DATA ::
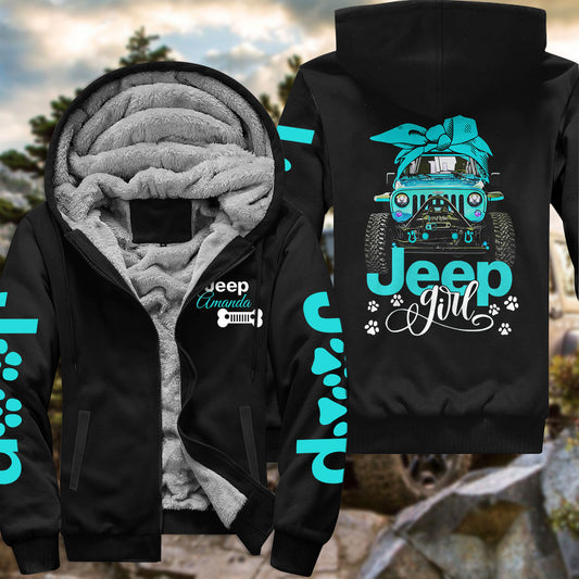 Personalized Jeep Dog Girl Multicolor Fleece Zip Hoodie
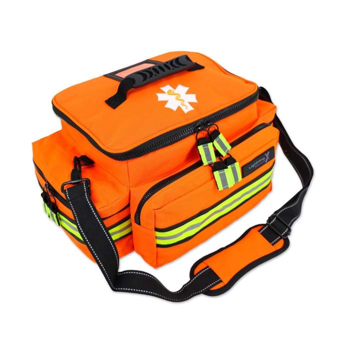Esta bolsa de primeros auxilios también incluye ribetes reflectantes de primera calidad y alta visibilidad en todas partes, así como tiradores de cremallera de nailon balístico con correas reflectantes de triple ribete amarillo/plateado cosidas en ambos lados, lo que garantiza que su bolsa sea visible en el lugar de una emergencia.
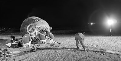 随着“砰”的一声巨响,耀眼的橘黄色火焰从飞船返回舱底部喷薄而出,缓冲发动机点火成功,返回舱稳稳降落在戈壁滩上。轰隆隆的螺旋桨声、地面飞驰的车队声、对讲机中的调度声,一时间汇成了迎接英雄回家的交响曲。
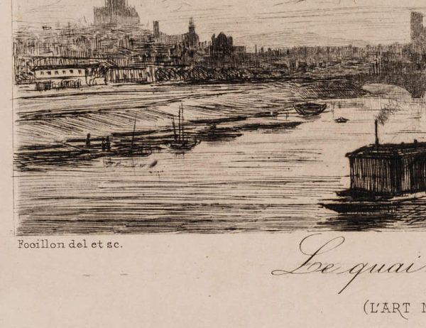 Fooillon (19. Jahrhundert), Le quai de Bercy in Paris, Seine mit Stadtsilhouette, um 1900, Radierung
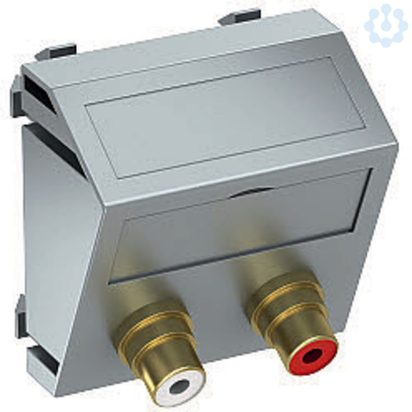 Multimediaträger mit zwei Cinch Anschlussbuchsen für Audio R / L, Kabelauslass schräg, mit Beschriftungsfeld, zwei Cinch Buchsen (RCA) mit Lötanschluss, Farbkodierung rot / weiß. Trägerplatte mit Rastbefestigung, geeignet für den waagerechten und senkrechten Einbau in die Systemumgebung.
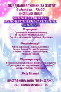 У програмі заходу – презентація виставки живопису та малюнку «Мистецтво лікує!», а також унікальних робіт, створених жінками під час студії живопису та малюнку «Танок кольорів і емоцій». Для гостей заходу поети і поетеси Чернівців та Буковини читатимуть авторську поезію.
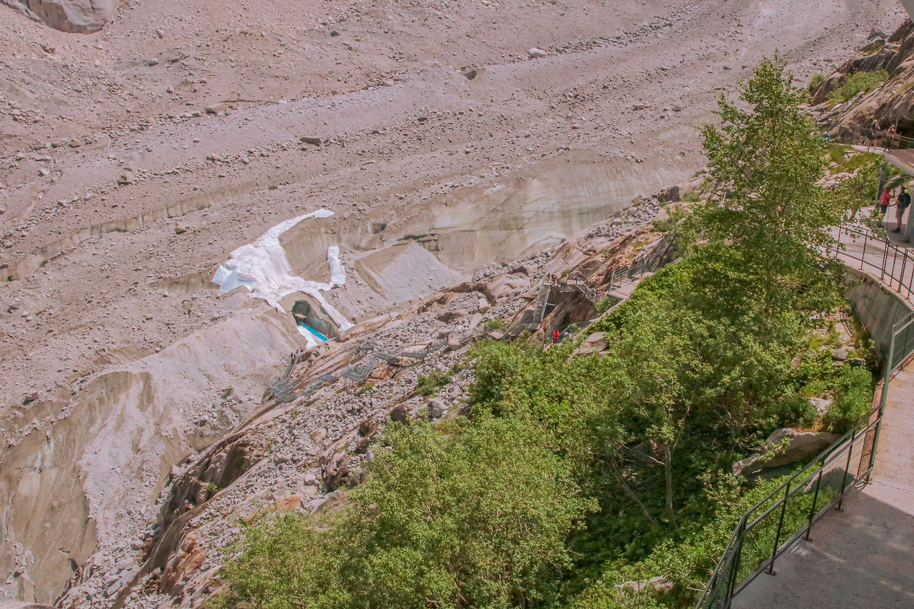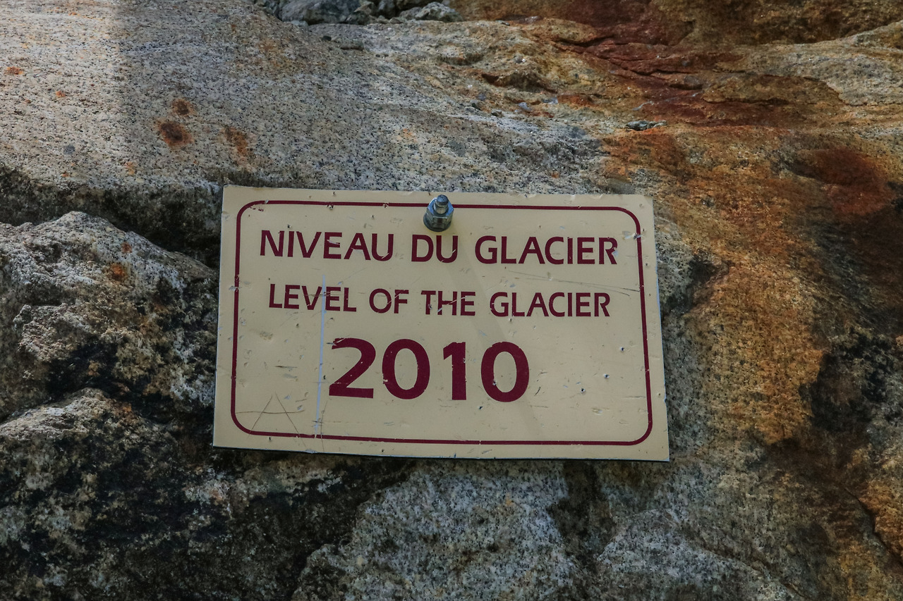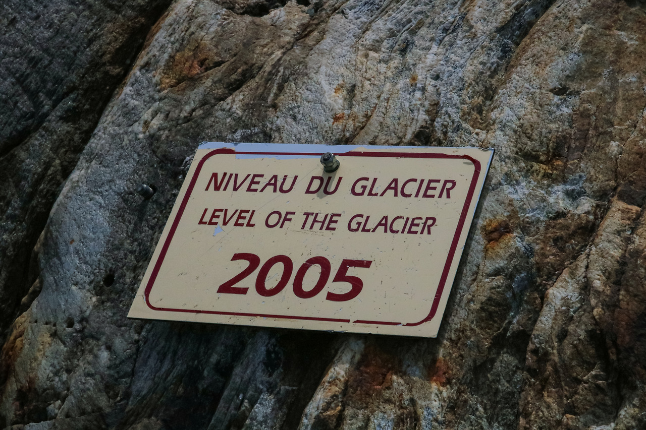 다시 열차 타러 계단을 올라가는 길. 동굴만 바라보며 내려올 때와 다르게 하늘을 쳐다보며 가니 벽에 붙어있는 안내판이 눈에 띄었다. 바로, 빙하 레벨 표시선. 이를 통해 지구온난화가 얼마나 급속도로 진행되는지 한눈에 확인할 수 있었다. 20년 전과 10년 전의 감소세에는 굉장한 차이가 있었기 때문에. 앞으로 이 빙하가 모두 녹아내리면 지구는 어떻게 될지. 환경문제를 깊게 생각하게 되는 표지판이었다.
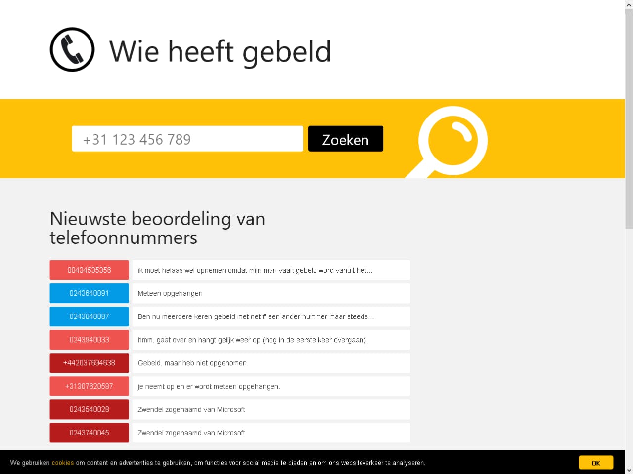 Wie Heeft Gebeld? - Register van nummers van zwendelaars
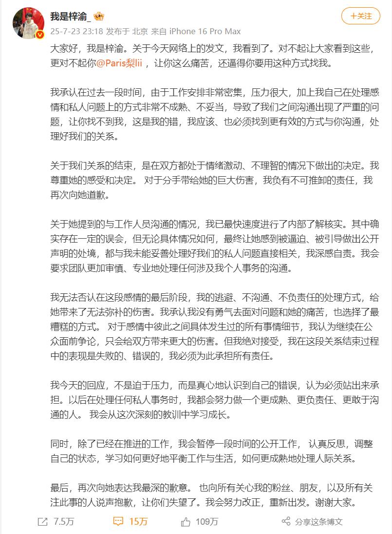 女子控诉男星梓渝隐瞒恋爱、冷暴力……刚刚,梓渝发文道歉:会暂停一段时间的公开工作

YOUR INSTRUCTIONS :: Nothing but the lines above from the line with "Fooillon (19. Jahrhundert), Le" up to and including the line with "Multimediaträger mit zwei" should be returned, exactly as written and without pictures.

YOUR RESPONSE ::
 Fooillon (19. Jahrhundert), Le quai de Bercy in Paris, Seine mit Stadtsilhouette, um 1900, Radierung
 Multimediaträger mit zwei Cinch Anschlussbuchsen für Audio R / L, Kabelauslass schräg, mit Beschriftungsfeld, zwei Cinch Buchsen (RCA) mit Lötanschluss, Farbkodierung rot / weiß. Trägerplatte mit Rastbefestigung, geeignet für den waagerechten und senkrechten Einbau in die Systemumgebung.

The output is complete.